• [DATA TO USE]:
Content starts

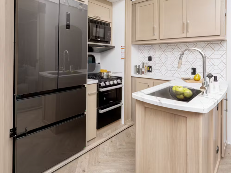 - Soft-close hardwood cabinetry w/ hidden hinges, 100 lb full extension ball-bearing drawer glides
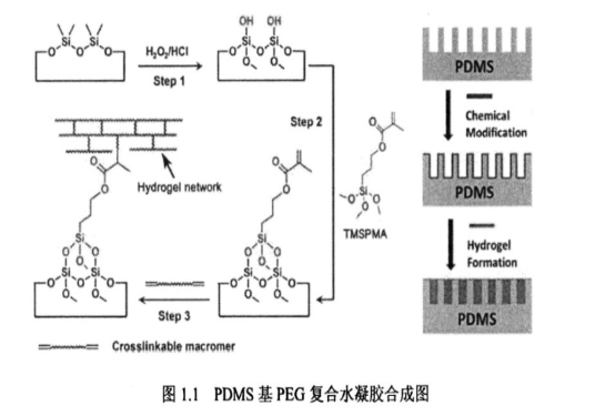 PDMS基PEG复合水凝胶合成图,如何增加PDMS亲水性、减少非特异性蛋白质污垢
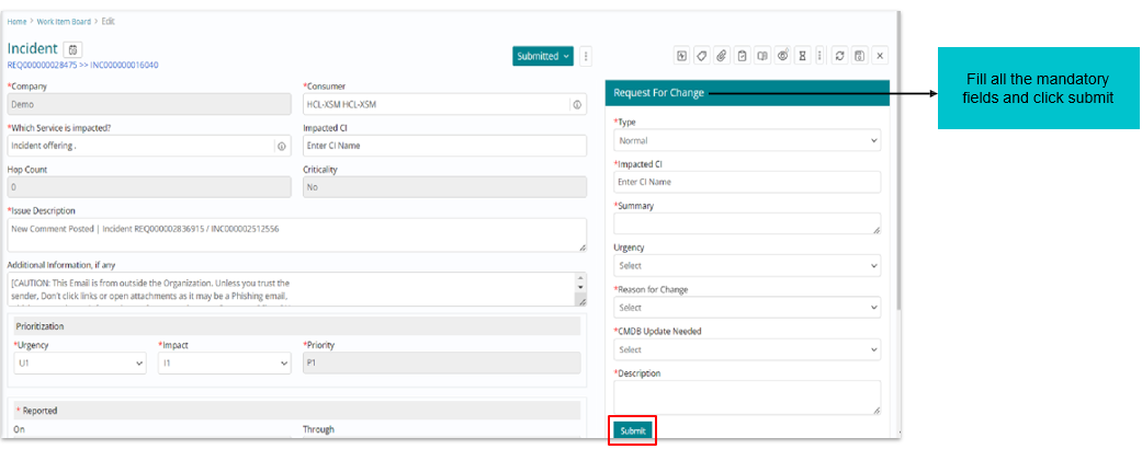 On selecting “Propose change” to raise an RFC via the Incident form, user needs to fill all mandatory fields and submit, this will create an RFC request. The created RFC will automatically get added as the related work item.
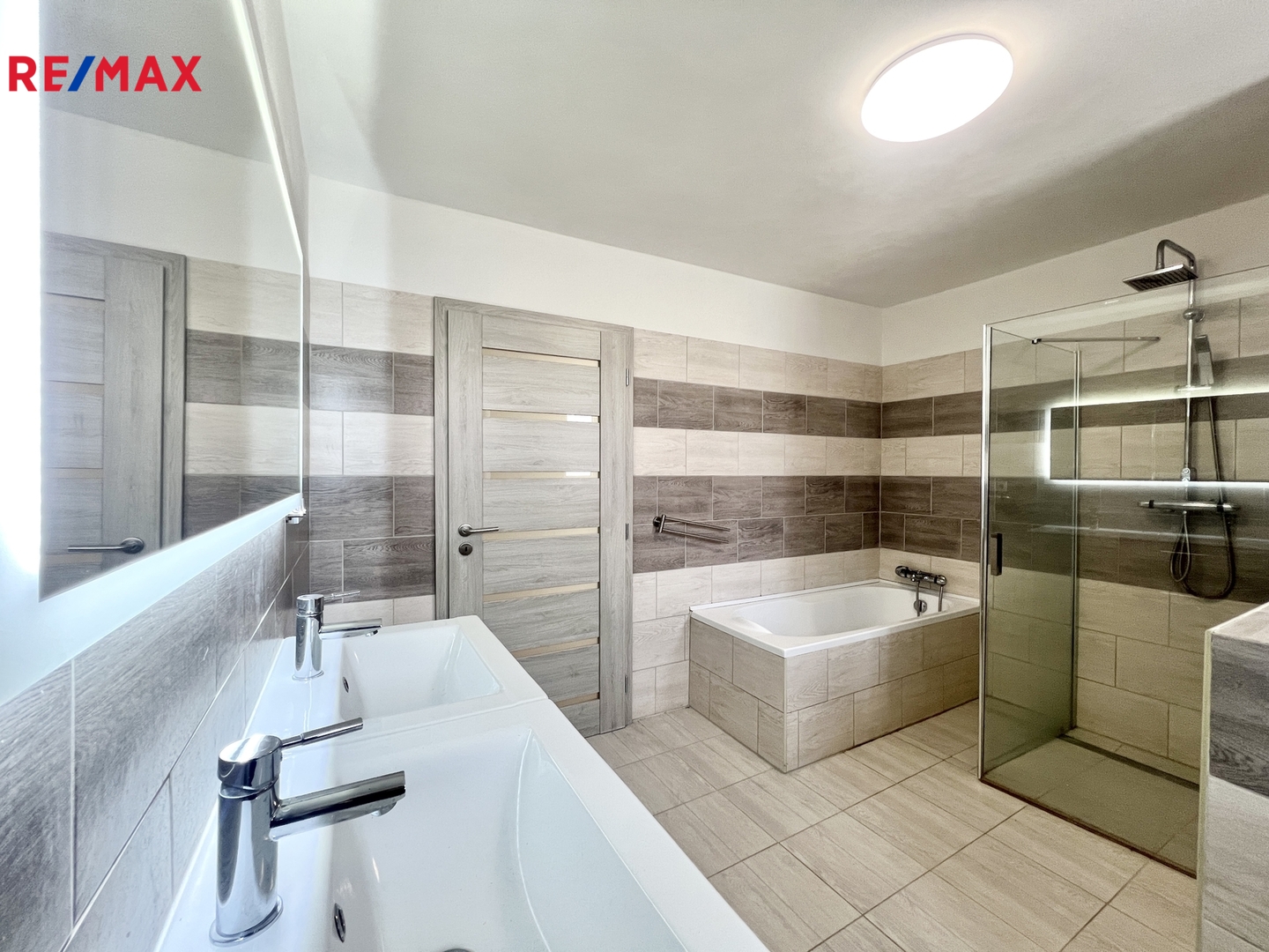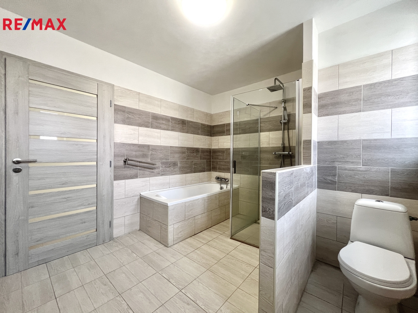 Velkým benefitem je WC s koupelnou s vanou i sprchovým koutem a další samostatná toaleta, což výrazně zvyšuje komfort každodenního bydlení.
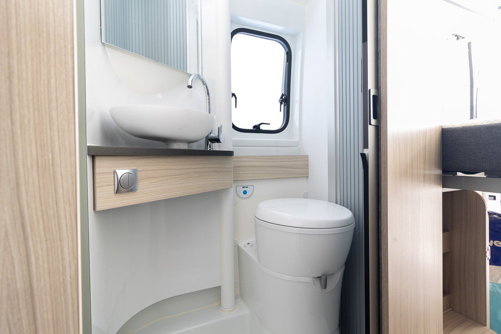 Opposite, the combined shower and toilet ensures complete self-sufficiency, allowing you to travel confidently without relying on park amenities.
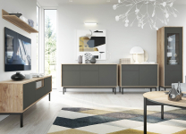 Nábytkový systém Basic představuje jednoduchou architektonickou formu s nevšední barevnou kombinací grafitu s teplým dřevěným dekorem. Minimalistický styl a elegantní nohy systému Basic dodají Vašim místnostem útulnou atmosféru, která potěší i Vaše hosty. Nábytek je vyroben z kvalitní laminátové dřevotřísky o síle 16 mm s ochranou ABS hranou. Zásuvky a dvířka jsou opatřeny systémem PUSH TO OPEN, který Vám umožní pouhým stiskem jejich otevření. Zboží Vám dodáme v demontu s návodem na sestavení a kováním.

Content ends

• [TASK]:
The answer is the complete set of records, copied exactly, with pictures omitted.

• [RESPONSE]:
 - Soft-close hardwood cabinetry w/ hidden hinges, 100 lb full extension ball-bearing drawer glides
 PDMS基PEG复合水凝胶合成图,如何增加PDMS亲水性、减少非特异性蛋白质污垢
 On selecting “Propose change” to raise an RFC via the Incident form, user needs to fill all mandatory fields and submit, this will create an RFC request. The created RFC will automatically get added as the related work item.
 Velkým benefitem je WC s koupelnou s vanou i sprchovým koutem a další samostatná toaleta, což výrazně zvyšuje komfort každodenního bydlení.
 Opposite, the combined shower and toilet ensures complete self-sufficiency, allowing you to travel confidently without relying on park amenities.
 Nábytkový systém Basic představuje jednoduchou architektonickou formu s nevšední barevnou kombinací grafitu s teplým dřevěným dekorem. Minimalistický styl a elegantní nohy systému Basic dodají Vašim místnostem útulnou atmosféru, která potěší i Vaše hosty. Nábytek je vyroben z kvalitní laminátové dřevotřísky o síle 16 mm s ochranou ABS hranou. Zásuvky a dvířka jsou opatřeny systémem PUSH TO OPEN, který Vám umožní pouhým stiskem jejich otevření. Zboží Vám dodáme v demontu s návodem na sestavení a kováním.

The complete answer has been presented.